With this information, we can easily plot the predicted timecourse of the
epidemics:

pred = sir(763, 3, 0.00238, 0.5571, 15)
draw(
      PNG("infected.png", 12cm, 8cm),
      plot(
         layer(x=[0:14], y=pred[2], Geom.point),
         layer(dat, x="day", y="I", Geom.line)
         )
    )

This yields the following figure:

The data are the continuous line, and the predictions are the dots. It’s
not a perfect fit, but it reproduces the main features of the epidemics
quite well. When compared to the original parameters, notably, it predicts
the correct date at which no more cases are observed, but it slightly
over-estimates the number of cases during the peak.

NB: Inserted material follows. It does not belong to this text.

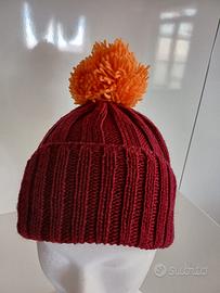 berretto da donna fatto a mano con filato di pura lana. è di colore bordeaux con un pon pon arancione. la pura lana è una garanzia per il calore e la morbidezza. può essere indossato come un classico berretto rivoltando molto il bordo, oppure in modo più morbido così da contenere i capelli.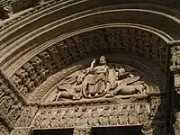 由于历史上深受古罗马文明影响,十二世纪普罗旺斯地区的罗曼式建筑深深烙上了古典艺术的印迹,圣托菲姆教堂西立面大门的三角门楣即是这一传承最优秀的代表之一,三角门楣双坡同侧廊及中厅坡顶平行呼应,强化了整个西立面的水平走向。在这里,门楣作为建筑要素的功能已弱化,而更多是作为装饰要素来处理的。

We can also have a look at the distribution of $\beta$

and $\nu$

In both figures, the vertical lines indicate the previous estimations of the
parameters. While they are well within the posterior distribution, it seems
that (i) using a different method for fitting and (ii) estimating the value
of $I_0$ gives different estimates.

Finally, what about the distribution of $R_0$? The original $R0$ was estimated
to 3.76. Using the result of the ABC, I found

julia> mean(763.*(posteriors[:beta]./posteriors[:nu]))
   3.292957996735042

Which is not all that different from the original prediction. Note that
a consistent result is that the epidemic parameters estimated through ABC
make the epidemic less aggresive than the original one. The recovery rate
is higher, the $R_0$ is lower, but the transmission rate is higher.

As a brief wrap-up…

I love julia. I haven’t even thought about possible optimizations and it’s
fast already. Also, it’s simple to write. Clearly sliced bread was the best
thing until julia.

ABC – at least as long as a simple rejection scheme is used – is not that
hard. This gives me a bunch of ideas.

I love epidemiology. For some reason, I just find it fascinating. This is the
reason why I switched from immunology to parasitology to ecology. I love it.